-- Opening Marker --
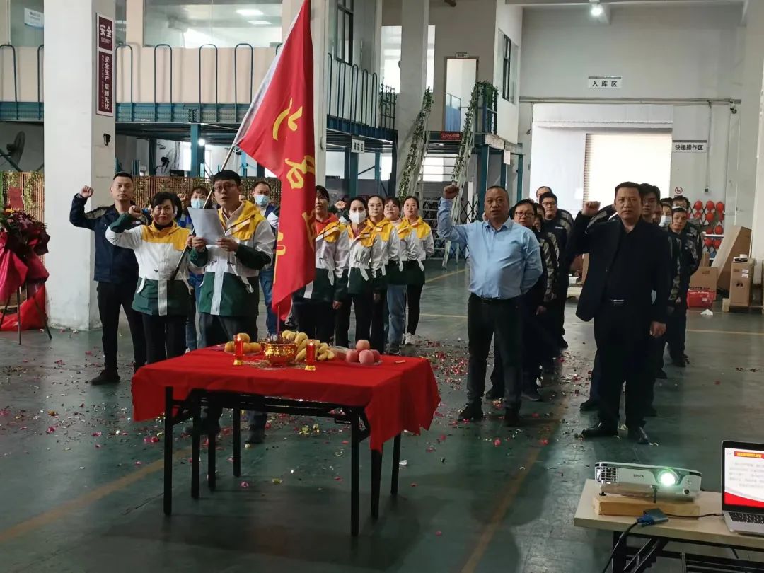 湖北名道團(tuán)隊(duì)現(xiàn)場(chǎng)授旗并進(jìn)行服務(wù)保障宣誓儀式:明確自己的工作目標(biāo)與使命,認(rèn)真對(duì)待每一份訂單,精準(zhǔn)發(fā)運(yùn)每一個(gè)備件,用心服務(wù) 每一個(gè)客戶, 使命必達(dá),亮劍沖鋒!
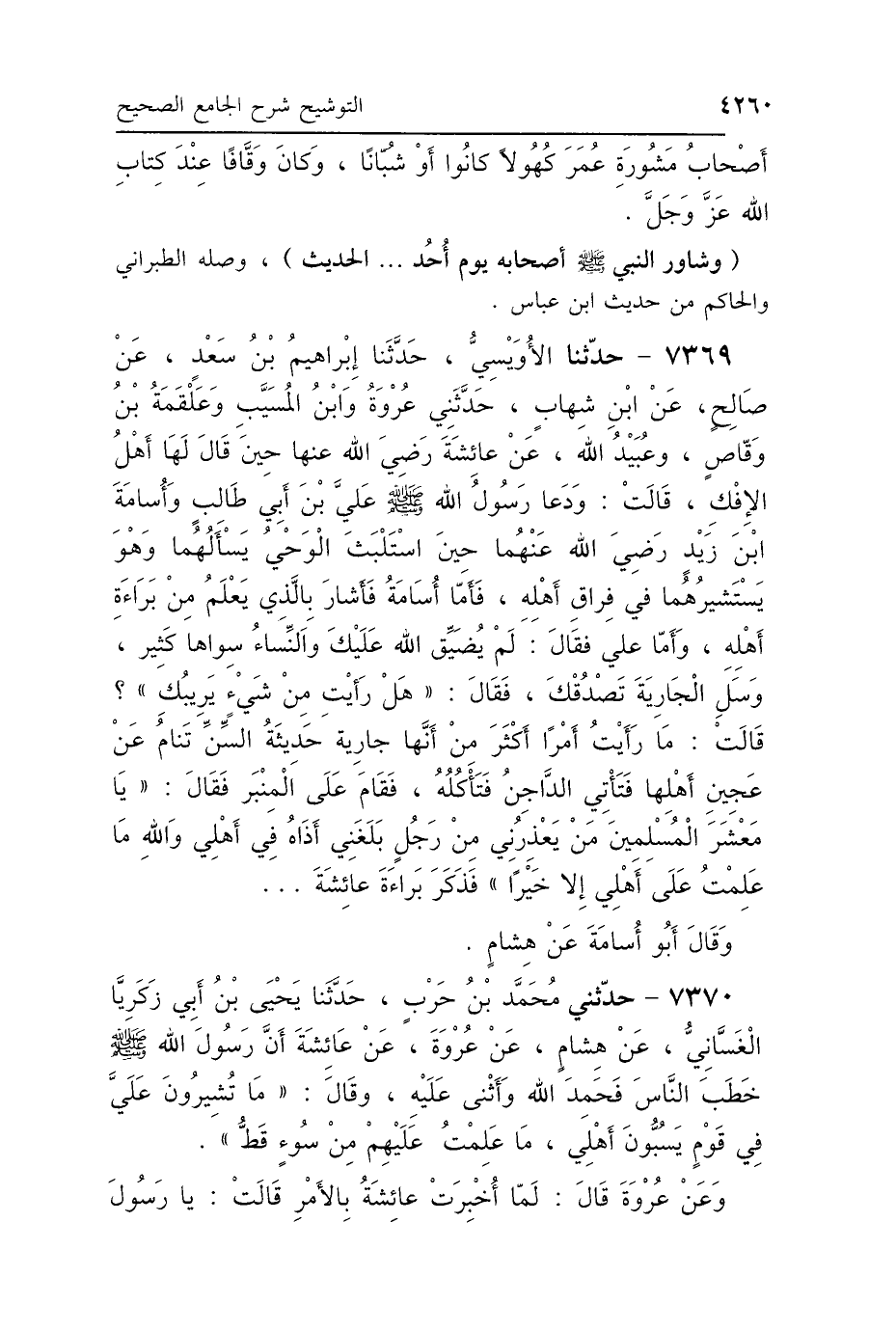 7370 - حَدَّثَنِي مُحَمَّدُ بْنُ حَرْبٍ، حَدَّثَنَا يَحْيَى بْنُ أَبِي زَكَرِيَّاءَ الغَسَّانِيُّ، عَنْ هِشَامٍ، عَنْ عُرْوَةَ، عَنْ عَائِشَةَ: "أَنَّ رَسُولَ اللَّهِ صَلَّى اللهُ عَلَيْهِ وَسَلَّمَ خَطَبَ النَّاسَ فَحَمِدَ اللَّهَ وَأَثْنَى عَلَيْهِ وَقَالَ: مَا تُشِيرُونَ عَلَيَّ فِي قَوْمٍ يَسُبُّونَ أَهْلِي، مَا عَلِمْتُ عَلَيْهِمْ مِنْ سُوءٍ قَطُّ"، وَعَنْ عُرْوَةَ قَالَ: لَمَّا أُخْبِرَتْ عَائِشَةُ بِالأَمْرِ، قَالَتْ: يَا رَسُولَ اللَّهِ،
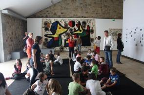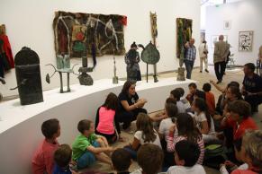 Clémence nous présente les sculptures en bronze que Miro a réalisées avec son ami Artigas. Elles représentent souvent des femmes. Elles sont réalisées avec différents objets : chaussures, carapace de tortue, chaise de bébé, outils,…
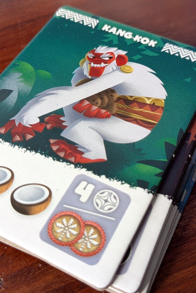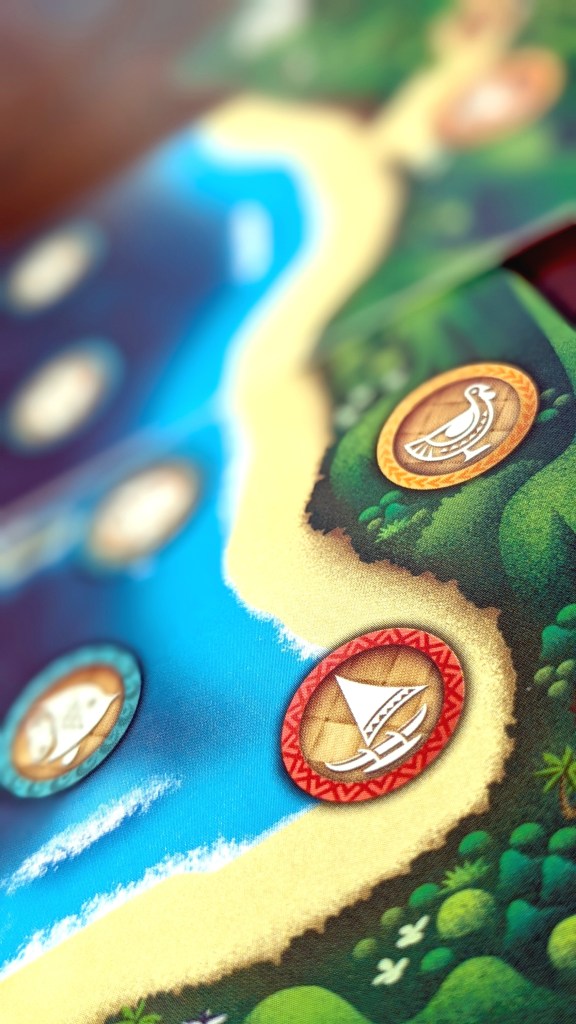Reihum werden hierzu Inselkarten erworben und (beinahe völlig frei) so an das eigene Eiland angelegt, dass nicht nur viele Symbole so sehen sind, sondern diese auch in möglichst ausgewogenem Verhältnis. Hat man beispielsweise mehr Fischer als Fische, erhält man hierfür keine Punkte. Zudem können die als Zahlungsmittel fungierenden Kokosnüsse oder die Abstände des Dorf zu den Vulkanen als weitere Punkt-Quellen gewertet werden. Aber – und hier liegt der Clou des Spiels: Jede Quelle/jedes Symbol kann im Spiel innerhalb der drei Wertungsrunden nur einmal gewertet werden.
-- Closing Marker --
YOUR ASSIGNMENT:
The reply should repeat the listing above exactly and contain no pictures.

ANSWER FOR THE TASK:
 湖北名道團(tuán)隊(duì)現(xiàn)場(chǎng)授旗并進(jìn)行服務(wù)保障宣誓儀式:明確自己的工作目標(biāo)與使命,認(rèn)真對(duì)待每一份訂單,精準(zhǔn)發(fā)運(yùn)每一個(gè)備件,用心服務(wù) 每一個(gè)客戶, 使命必達(dá),亮劍沖鋒!
 7370 - حَدَّثَنِي مُحَمَّدُ بْنُ حَرْبٍ، حَدَّثَنَا يَحْيَى بْنُ أَبِي زَكَرِيَّاءَ الغَسَّانِيُّ، عَنْ هِشَامٍ، عَنْ عُرْوَةَ، عَنْ عَائِشَةَ: "أَنَّ رَسُولَ اللَّهِ صَلَّى اللهُ عَلَيْهِ وَسَلَّمَ خَطَبَ النَّاسَ فَحَمِدَ اللَّهَ وَأَثْنَى عَلَيْهِ وَقَالَ: مَا تُشِيرُونَ عَلَيَّ فِي قَوْمٍ يَسُبُّونَ أَهْلِي، مَا عَلِمْتُ عَلَيْهِمْ مِنْ سُوءٍ قَطُّ"، وَعَنْ عُرْوَةَ قَالَ: لَمَّا أُخْبِرَتْ عَائِشَةُ بِالأَمْرِ، قَالَتْ: يَا رَسُولَ اللَّهِ،
 Clémence nous présente les sculptures en bronze que Miro a réalisées avec son ami Artigas. Elles représentent souvent des femmes. Elles sont réalisées avec différents objets : chaussures, carapace de tortue, chaise de bébé, outils,…
Reihum werden hierzu Inselkarten erworben und (beinahe völlig frei) so an das eigene Eiland angelegt, dass nicht nur viele Symbole so sehen sind, sondern diese auch in möglichst ausgewogenem Verhältnis. Hat man beispielsweise mehr Fischer als Fische, erhält man hierfür keine Punkte. Zudem können die als Zahlungsmittel fungierenden Kokosnüsse oder die Abstände des Dorf zu den Vulkanen als weitere Punkt-Quellen gewertet werden. Aber – und hier liegt der Clou des Spiels: Jede Quelle/jedes Symbol kann im Spiel innerhalb der drei Wertungsrunden nur einmal gewertet werden.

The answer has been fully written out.